"And they lived happily ever after!" Escapism or reality?

Since I was just a little boy, one of my favorite lines in the world is..."and they lived happily ever after."  I've always loved movies and books that have happy endings.  I've read so many books and seen so many movies that didn't have happy endings and at the end I always feel let down.  I began to wonder why that happy ending was so important to me; why it struck such a chord in me.

Is it just escapist?  A desire to escape from the turmoil and suffering I see and experience?  Is it a desire for a type of fantasy comfort food?  Possibly.  But the more I thought about it, the more I realized that wasn't the real reason.  I'm a Star Trek fan and when a young Captain Kirk was in the Star Fleet Academy he had to take a certain test that determined your fitness for leadership.  It was a required test...and unwinnable.  It was a simulation of a real battle scenario.  Captain Kirk took the test and failed it--twice.  But the third time he passed it, which by the way was impossible without cheating...which he had done.  He had simply reprogrammed the computer program so the potential to win was there.  He got in a lot of trouble for it, but I remember the reason he gave under questioning.  "I don't believe in the no-win scenario."

He had a problem with the game itself, with the idea behind it, the reason they were being made to take it and this was his response to it.  In the same way I believe in happy endings, not just for amusement or inspiration, but because God is the Author of our story--and He is the author of happy endings.  We have to experience great struggle and much disappointment in life--but for each of us who believe, God does have a happy ending planned.
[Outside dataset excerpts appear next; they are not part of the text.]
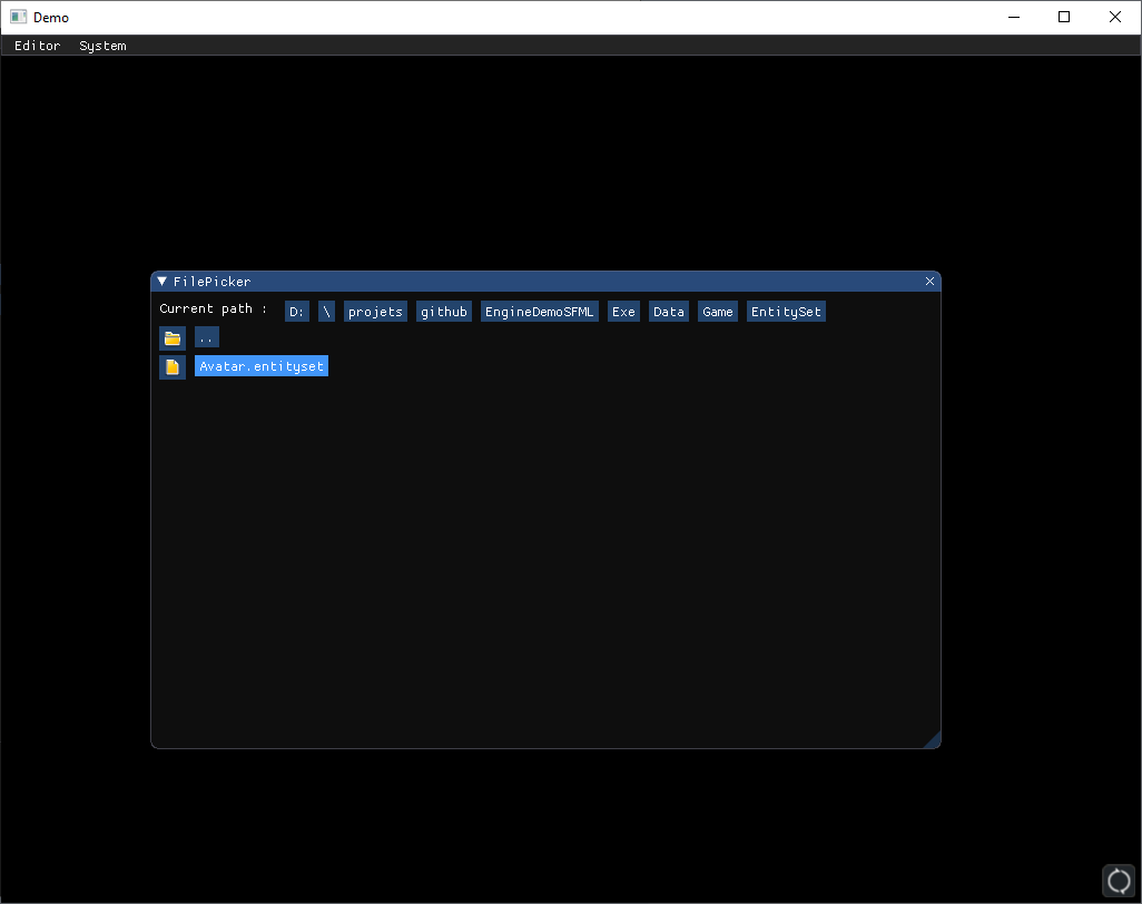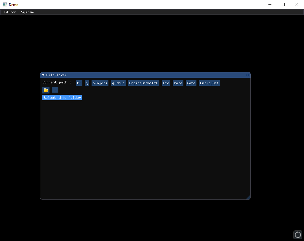 Continuant mes expériences avec ImGui, voici un nouvel élément : un explorateur de fichiers / file/folder picker s'appuyant sur ImGui et sf::filesystem Du C++17.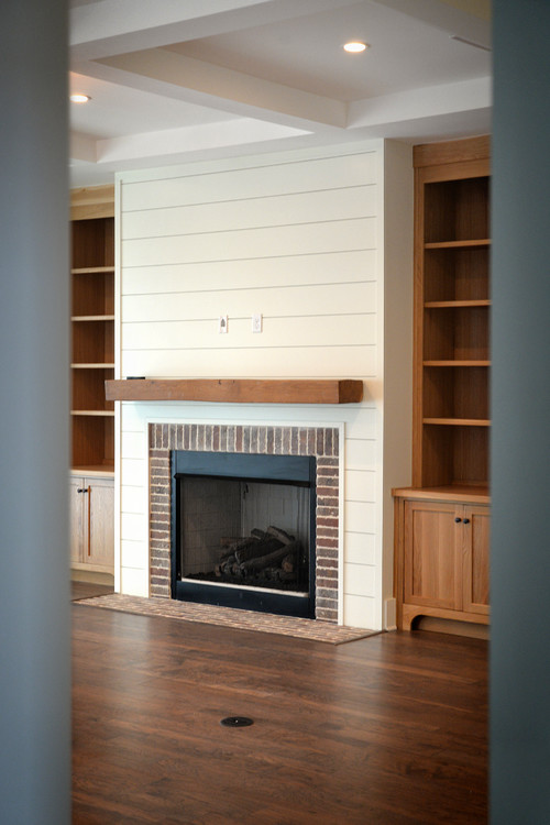 Simple White Shiplap Fireplace with Brick Accent and Wood Mantel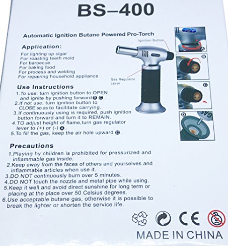 All aluminium construction Easy start and reliable piezo ignition Torch stays lit after initial ignition Gas and air flame adjustments Up to 1300°C flame temperature Huge refillable gas chamber Gas chamber and feed system all metal construction Ceramic flame guard Bench stand Wind-proof jet flame Water proof ignition system Safety ignition lock to prevent accidental lighting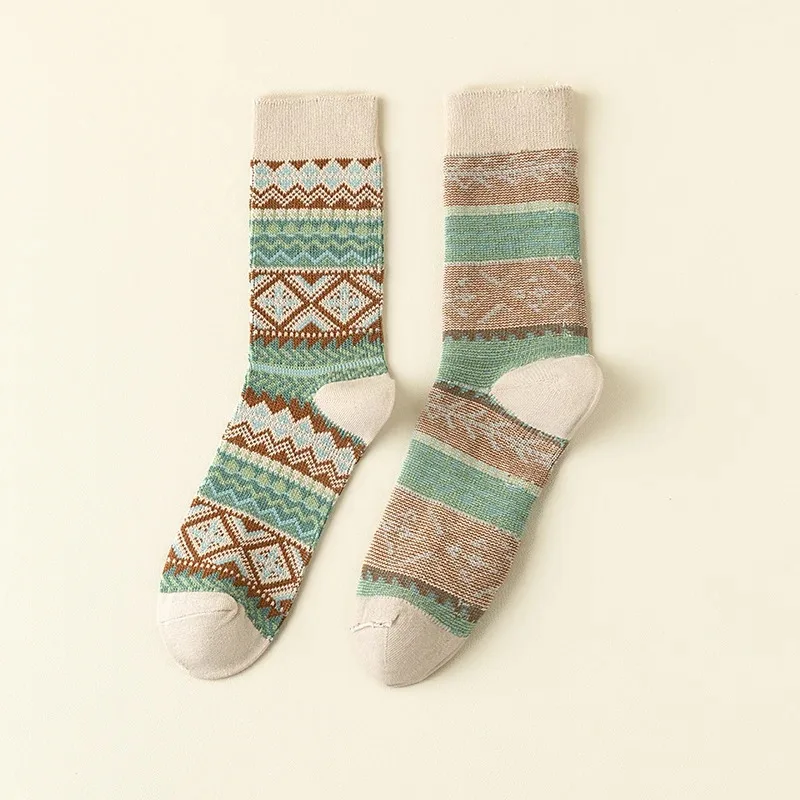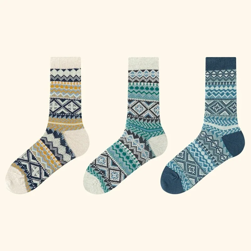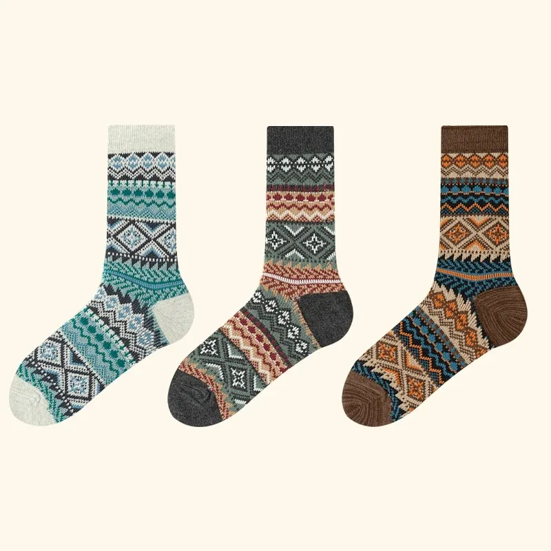 Lbsfy 3 Pairs Men's Retro Socks Ethnic Style Geometric Stripes Cotton Crew Socks Male Breathable and Sweat-absorbing Winter Warm Sock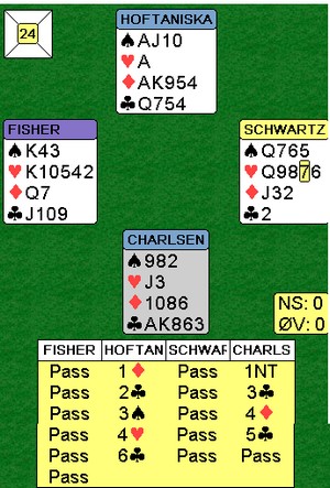 Lagturneringa i Monaco er i gang og der spilles det nå syv kamper a 10 spill før sluttspillet starter i morgen (tirsdag) ettermiddag. De to beste møtes da i en 20-spillskamp for å avgjøre seieren, mens de andre 14 lagene spiller Monrad om tredjeplassen. Thor Erik Hoftaniska og Thomas Charlsen spiller for engelske Janet de Botton og var på BBO i tredje runde. Kampen endte 23-23, ikke minst takket være denne tøffe slemmen av nordmennene.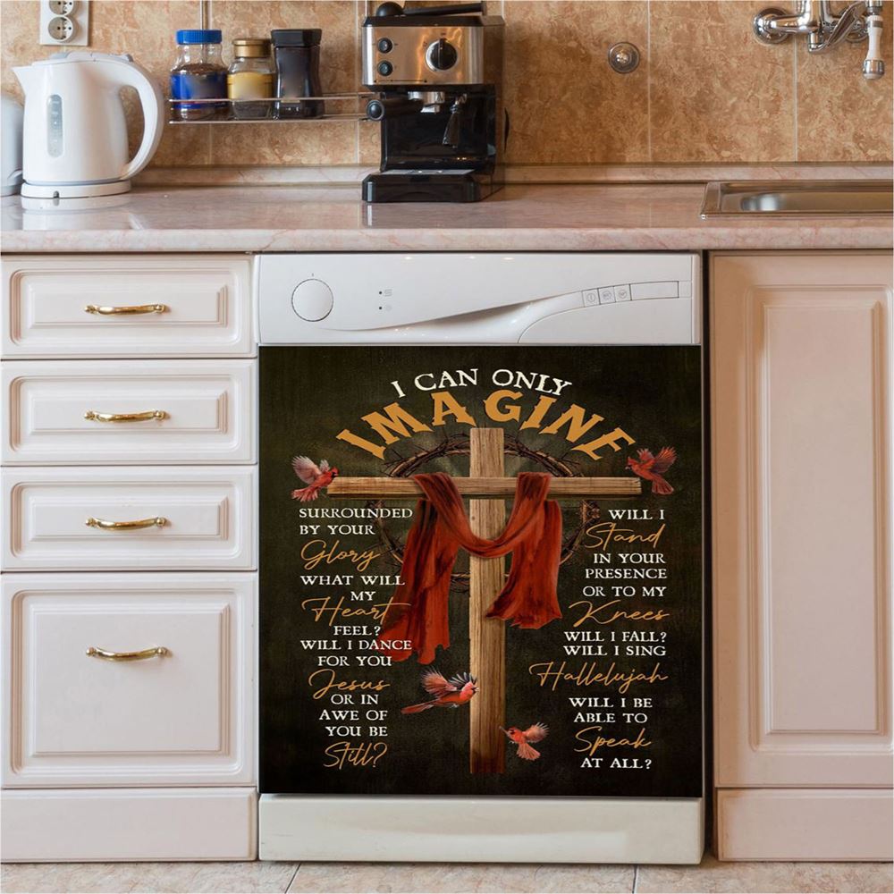 Cross With Red Cloth I Can Only Imagine Dishwasher Cover, Christian Dishwasher Magnet Cover, Religious Kitchen Decor

One of my favorite authors, J.R. Tolkien, a Christian who wrote, The Hobbit, and The Lord of the Rings, and other books insists that all of us really sense that happy endings aren't just escapist, but somehow true to reality.  He said that stories like his that had happy endings actually point to an underlying reality.  When we read these kind of stories we are being told that yes, the world is full of danger, sorrow, and tragedy, but nonetheless there is a meaning to things.  There is a difference between good and evil and one day evil will be defeated and truth and good will win.

Like Captain Kirk, I don't believe in the no-win scenario either.  That's why I believe in happy endings.